- Active: 29 March 2018 - present
- Country: Ukraine
- Branch: Armed Forces of Ukraine
- Type: Military reserve force
- Role: Light infantry
- Part of: Territorial Defense Forces
- Garrison/HQ: Chernihiv Oblast MUN А7047
- Engagements: Russo-Ukrainian war Russian invasion of Ukraine;

Commanders
- Current commander: (2024-present) Col.Elmaddin Mamedov

Insignia

= 119th Territorial Defense Brigade =

Ukrainian Territorial Defense Forces unit

The 119th Territorial Defense Brigade (119-та окрема бригада територіальної оборони) is a military formation of the Territorial Defense Forces of Ukraine in Chernihiv Oblast. It is part of Operational Command North.

== History ==
=== Formation ===
On 29 March 2018 the brigade was formed in Chernihiv Oblast. It was the first brigade to be raised for the Territorial Forces. The need for the brigade arose from having over 40 local defense units that lacked organized support. The brigade was planned to be composed of older reservists, aged up to 55 years old.
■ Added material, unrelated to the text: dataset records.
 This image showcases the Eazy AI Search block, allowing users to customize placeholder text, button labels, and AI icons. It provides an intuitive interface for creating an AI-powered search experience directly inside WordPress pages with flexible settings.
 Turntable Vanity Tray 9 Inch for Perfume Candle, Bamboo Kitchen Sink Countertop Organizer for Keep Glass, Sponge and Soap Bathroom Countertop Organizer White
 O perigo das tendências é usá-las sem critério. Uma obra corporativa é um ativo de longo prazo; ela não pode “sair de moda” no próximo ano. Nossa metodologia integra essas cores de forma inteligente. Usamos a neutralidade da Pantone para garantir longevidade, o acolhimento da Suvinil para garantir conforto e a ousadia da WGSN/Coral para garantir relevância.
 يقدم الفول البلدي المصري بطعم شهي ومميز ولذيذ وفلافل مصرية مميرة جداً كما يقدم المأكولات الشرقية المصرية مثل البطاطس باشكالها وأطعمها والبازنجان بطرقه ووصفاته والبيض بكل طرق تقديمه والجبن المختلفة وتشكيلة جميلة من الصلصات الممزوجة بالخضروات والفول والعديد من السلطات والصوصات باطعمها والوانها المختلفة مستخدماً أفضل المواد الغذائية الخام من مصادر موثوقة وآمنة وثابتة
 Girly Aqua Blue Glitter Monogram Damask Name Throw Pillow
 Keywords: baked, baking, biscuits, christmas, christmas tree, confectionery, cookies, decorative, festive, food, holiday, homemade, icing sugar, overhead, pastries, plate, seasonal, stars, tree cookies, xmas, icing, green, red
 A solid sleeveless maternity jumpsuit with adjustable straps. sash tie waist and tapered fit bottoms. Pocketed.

The brigade held a yearly exercise at a training range in Honcharivske.

From 12 to 26 May 2021 a large scale exercise took place involving over 2,000 reservists of the brigade. Battalions 162, 163, 164, 167 were involved in the exercise.

On 28 January 2022 the brigade was 70% formed, with a peacetime strength of over 400 soldiers and officers and over 4,000 planned in time of war. In case of war, five of the six battalions were to be stationed in each of the raions, with one defending the city of Chernihiv.

===Russo-Ukrainian War===
- Russian invasion of Ukraine
Units of the brigade took part in battles in Novoselivka, Shestovytsia, Yahidne, Lukashivka and near Chernihiv.

On 27 August, the brigade received its battle flag.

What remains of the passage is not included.